Cerebras Systems is a US-based AI chip designer. Their flagship product, the Wafer-Scale Engine (WSE), is reportedly the largest chip ever built and is engineered specifically to accelerate AI training and inference. They also sell access to that hardware as a cloud AI compute service, so the revenue model is hardware sales plus subscriptions. The company positions itself as a direct alternative to Nvidia for AI workloads.
How big is OpenAI’s stake in Cerebras and why does it matter?
OpenAI holds an approximately 11% equity stake in Cerebras. At the IPO opening price of $350, that stake is worth more than $5 billion on paper. It matters because it tells you the most prominent AI company in the world chose to invest in chip infrastructure, not just in its own models. That signal is part of why this IPO was 20x oversubscribed.

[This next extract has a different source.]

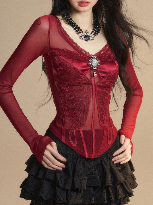 Red V-neck Top Rhinestone Embellished Glamorous Butterfly Embroidery

Is Cerebras the next Nvidia?
It is far too early to make that call. Cerebras is one ticker, one day old, on a tape that hit $385 and faded to the low $330s in a single session. Nvidia’s lead in AI silicon is built on years of CUDA software lock-in and a much broader product line. The honest answer is that Cerebras is positioned as a credible US-based challenger in AI compute, and the market is willing to pay up for that positioning. Whether the company executes on it is the next several years of story, not the next several sessions.